Down to the last line, set down the material below exactly, excluding pictures.

*Dataset section*.
============

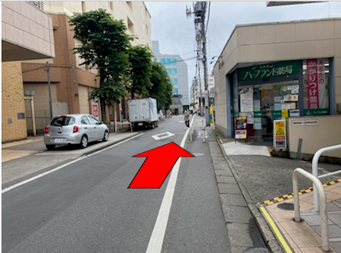 ⑧ 正面にビルが見えてきます。
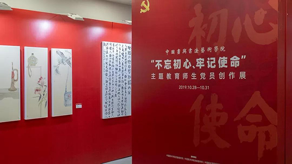自主题教育启动以来,中国画与书法艺术学院党总支充分结合专业特色,开展形式多样的课程思政和社团思政教育,在此过程中全体党员师生结合自身学习感受创作了一批优秀的作品。自展览征稿启事发出后,党员师生们积极参与,充分发挥自身的专业优势,将对本次主题教育学习的体会融入笔端,跃然纸上,创作出书画篆刻作品共计百余件。作品充分展现了师生们对于习总书记提出的“胸中有大义,心中有人民,肩头有责任,笔下有乾坤”的实际践行,深刻表现了作为新时代艺术工作者要从“初心”出发,将满腔的爱党、爱国赤诚情怀,转化为努力践行习近平新时代中国特色社会主义思想的前行动力。本次展览是中国画与书法艺术学院深入主题教育学习的新尝试,是中国画与书法艺术学院党员师生将“不忘初心、牢记使命”主题教育往深里走、往心里走、往实里走的集中体现,是师生对主题教育学习的交流平台。
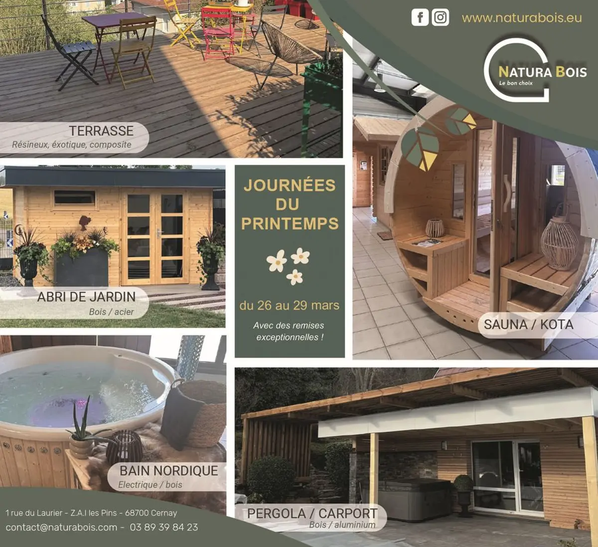 À l'occasion du retour des beaux jours, l'expert de l'aménagement extérieur Natura Bois à Cernay vous ouvre ses portes lors des "Journées du Printemps", quatre journées dédiées à la valorisation de votre jardin et de vos espaces de vie en plein air.

============

*Task output*.
 ⑧ 正面にビルが見えてきます。
自主题教育启动以来,中国画与书法艺术学院党总支充分结合专业特色,开展形式多样的课程思政和社团思政教育,在此过程中全体党员师生结合自身学习感受创作了一批优秀的作品。自展览征稿启事发出后,党员师生们积极参与,充分发挥自身的专业优势,将对本次主题教育学习的体会融入笔端,跃然纸上,创作出书画篆刻作品共计百余件。作品充分展现了师生们对于习总书记提出的“胸中有大义,心中有人民,肩头有责任,笔下有乾坤”的实际践行,深刻表现了作为新时代艺术工作者要从“初心”出发,将满腔的爱党、爱国赤诚情怀,转化为努力践行习近平新时代中国特色社会主义思想的前行动力。本次展览是中国画与书法艺术学院深入主题教育学习的新尝试,是中国画与书法艺术学院党员师生将“不忘初心、牢记使命”主题教育往深里走、往心里走、往实里走的集中体现,是师生对主题教育学习的交流平台。
 À l'occasion du retour des beaux jours, l'expert de l'aménagement extérieur Natura Bois à Cernay vous ouvre ses portes lors des "Journées du Printemps", quatre journées dédiées à la valorisation de votre jardin et de vos espaces de vie en plein air.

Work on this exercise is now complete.